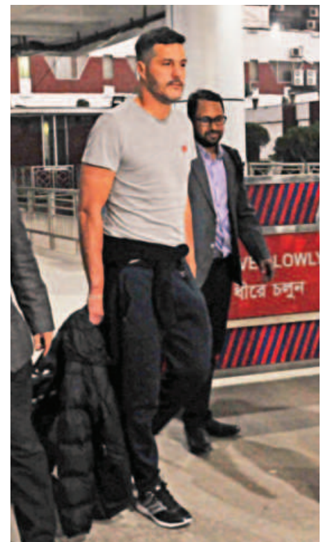
Former Brazil goalkeeper Julio Cesar arrived in Dhaka yesterday for the Bangabandhu Gold Cup.

The 40-year-old will have a busy schedule today as he would start his official tour with a visit to Dhanmondi Road No.32 to pay homage to Bangabandhu Sheikh Mujibur Rahman before heading to the BFF headquarters, where he would join training of women's football and have a session with the country's young goalkeepers.
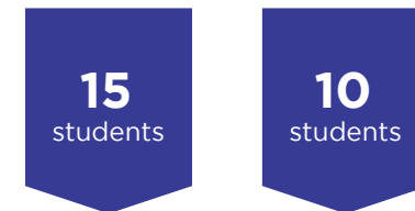
Girls' Home Art

Task instructions:
Could you copy each line above exactly as written, minus any pictures?

Output of the exercise:
Former Brazil goalkeeper Julio Cesar arrived in Dhaka yesterday for the Bangabandhu Gold Cup.

The 40-year-old will have a busy schedule today as he would start his official tour with a visit to Dhanmondi Road No.32 to pay homage to Bangabandhu Sheikh Mujibur Rahman before heading to the BFF headquarters, where he would join training of women's football and have a session with the country's young goalkeepers.
Girls' Home Art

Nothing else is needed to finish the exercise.